Reading in "Computing" this morning that scientists at University College London are developing a sustem that implants RFID tags into boarding passes to track passengers as they move around terminals in large airports.

There's a link here if anyone's interested:
http://www.vnunet.com/computing/news/2163719/rfid-plane-tickets-track

This might make it a bit easier when there are missing passengers etc!
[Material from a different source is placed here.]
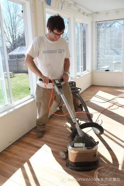 选择合适型号的打磨机,以免磨伤木板的纹理及保护好边边角角;打磨前确保地板上所有钉子经已拔除。
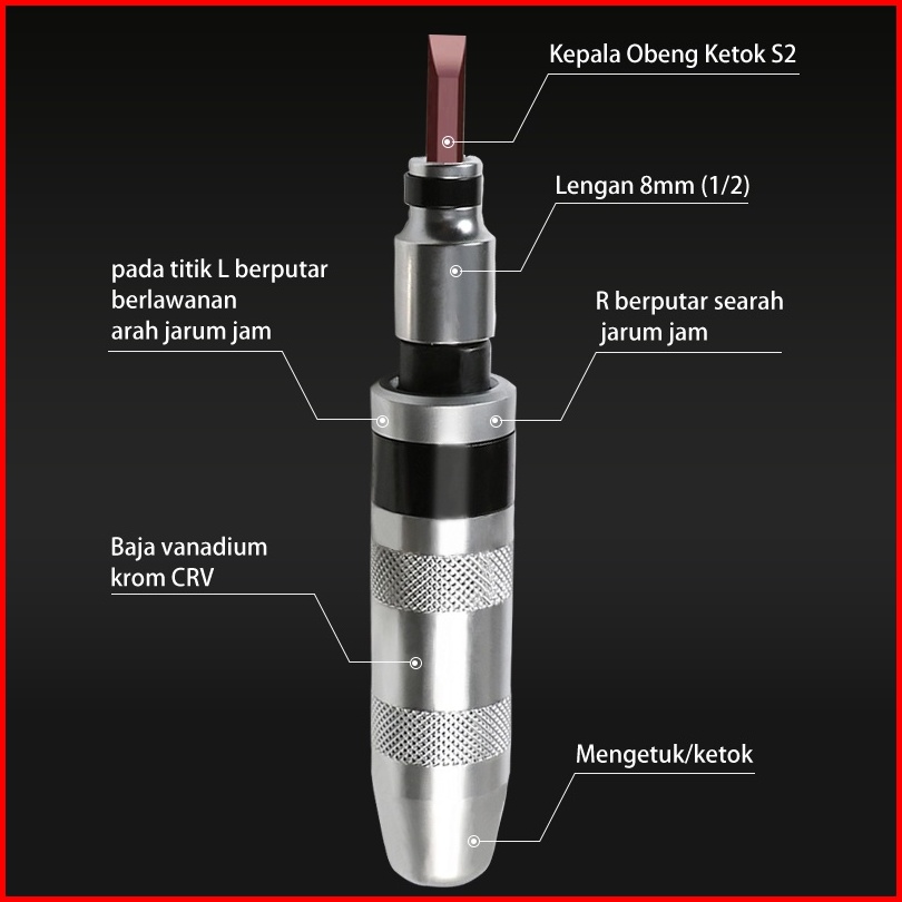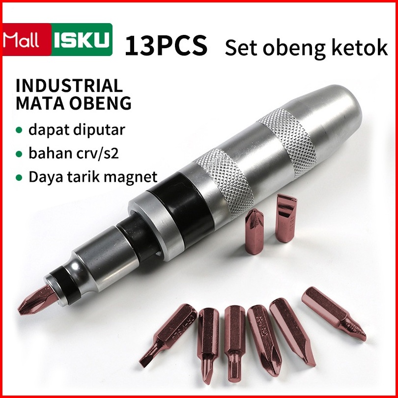 Isku Obeng Ketok Set 13pcs Obeng Set Putar Set S2 Drill Bit Bahan Non-karat Impact Screwdriver Set Box Besi Obeng Ketok

15 replies: All unread, jump to last
 
User currently offlineHanginOut From Austria, joined May 2005, 550 posts, RR: 0
Reply 1, posted (7 years 10 months 6 days 19 hours ago) and read 2105 times:

While it may make it easier for airlines to track down missing passengers. It is also a potential invasion of privacy (not to mention a bit creepy) having the airline and airport staff know where you are at all times. For example, if I were to visit the "adult" theater (hypothetically speaking of course  biggrin  ) at FRA, the last people I would want to know where I am is the airline and airport. Also, what guarantees and safeguards would there be to ensure that this information wouldn't be shared with others, e.g. spouse/girlfriend or employer!

HanginOut



Dreaming of the day I can work for an airline
User currently offlineZvezda From Lithuania, joined Aug 2004, 10511 posts, RR: 64
Reply 2, posted (7 years 10 months 6 days 18 hours ago) and read 2101 times:

Just wrap the boarding pass in aluminium foil and no one can track it.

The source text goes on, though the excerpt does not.